The legal consequences of noncompliance can be severe. For inexcusable failures, the IRS may revoke a hospital or hospital organization's tax-exempt status. Even for excusable failures (i.e., those failures that are not willful or egregious), a hospital organization will be required to correct and publicly disclose such failure to the IRS, which may review, conduct intensive field examinations (during which the IRS may investigate any compliance errors, even if unrelated to the 501(r) failure at issue), and require further corrective actions. Additionally, the scrutiny on a hospital that arises from disclosure may lead to media inquiries, government investigations and, potentially, litigation from consumer attorneys.

Conclusion

Given the IRS's current actions and the complex obligations established by Section 501(r), hospitals should ensure that they have a robust compliance program in place which will allow the hospital to limit violations, identify them when they occur, and provide the hospital with the resources to appropriately correct and disclose the violations. Hospitals must also ensure that their contracts with billing and collection vendors include essential terms prescribed by the 501(r) regulations and provide the hospitals with the rights and resources necessary to comply with Section 501(r).

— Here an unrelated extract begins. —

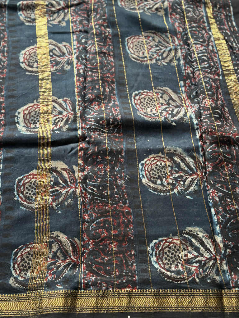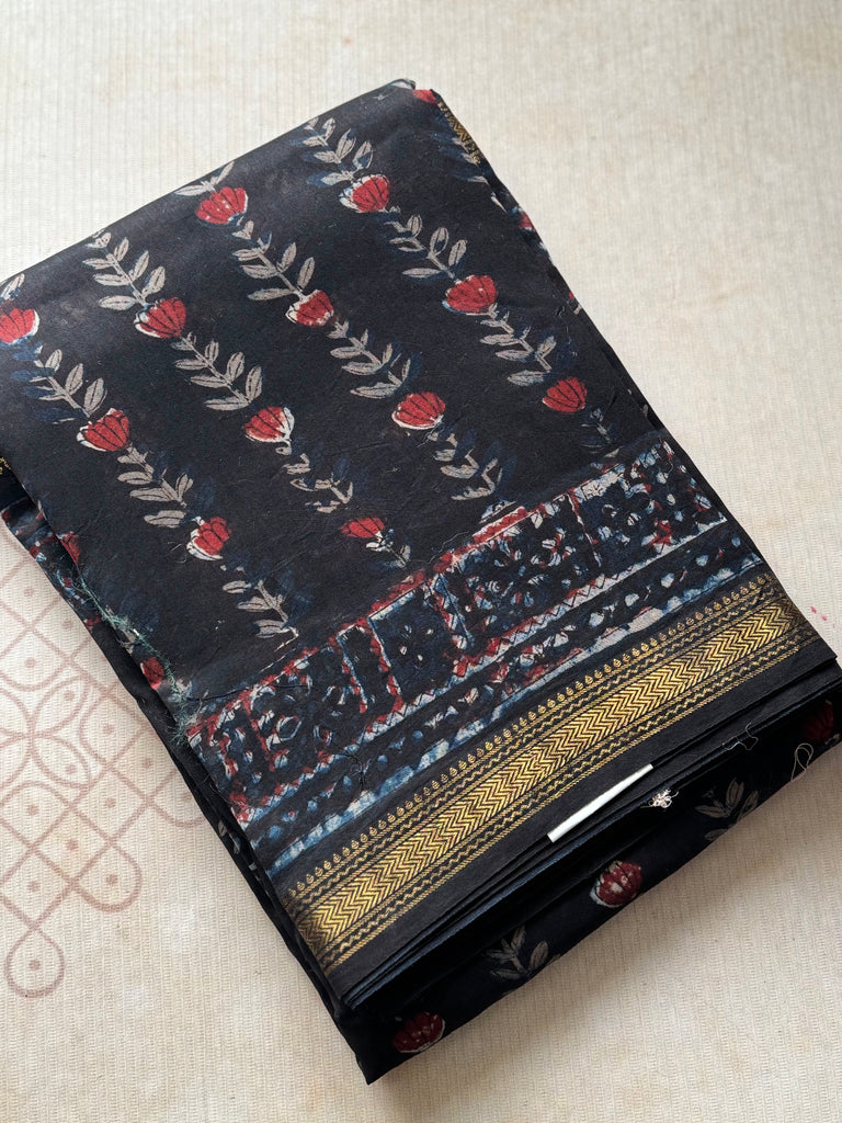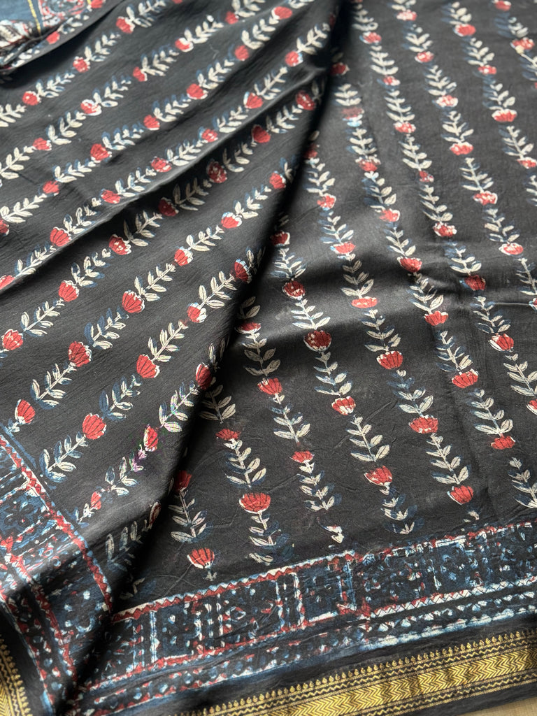 Experience the timeless elegance of our exquisite Chandheri Saree, adorned with delicate floral motifs that bloom gracefully across the entire body. The saree is framed with rich golden Nizam borders, adding a regal charm and traditional opulence to its silhouette.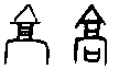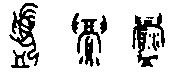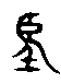 皿(字81)【 , 飯食之用器也。 象形。 與豆同意。 凡皿之屬皆从皿。讀若猛】,畫一個日常使用的圈足容器形。特徵是不畫出器的口緣而與容器豆 (![]() ![]() )有所分別。章(字82)【 ,樂竟為一章。 从音十。 十,數之終也】,象行列中手持的前導儀仗形。本是獨體的象形字,依 《說文》的解說則為表意字。龍(字83)【 , 鱗蟲之長, 能幽能明, 能細能巨, 能短能長。 春分而登天,秋分而潛淵。 从肉 , 肉飛之形,童省聲。 凡龍之屬皆从龍】,象一隻頭部有特殊形象的爬行動物形,身子的彎曲與嘴巴同向的為另一字。《說文》竟以為是童的省聲。有時候物體的某一部分非常具有特性, 深為大衆所了解, 一眼就可以辨識出來,不會產生意義上的混淆,不妨就以之代表其物體,節省書寫的時間和材料,以致形式上為: (b)描寫部分的形象以代表整體,埃及的聖書體就有很多以動物頭部代表整體的字。中國文字例子較少,大概是因為中國文字以簡要的線條描繪形體,不易確定描繪的動、植物的種屬。

1Unlike other provisions of the ACA that drew strident objections from Republican lawmakers, the ACA provisions enacting Section 501(r) were coauthored by Republican Senator Charles Grassley and did not appear in the most recent Republican attempt to repeal portions of the ACA (H.R. 3762—114th Congress (2015-2016)).

2These include provisions related to Community Health Needs Assessments and associated implementation strategies, the establishment of financial assistance and emergency medical care policies, numerous publication and notice requirements related to such policies, calculation methodologies limiting maximum charges to those eligible for financial assistance, billing and collection timelines, reasonable efforts to determine whether a patient is eligible for financial assistance, and restrictions on extraordinary collection actions taken by hospitals to collect patient debt.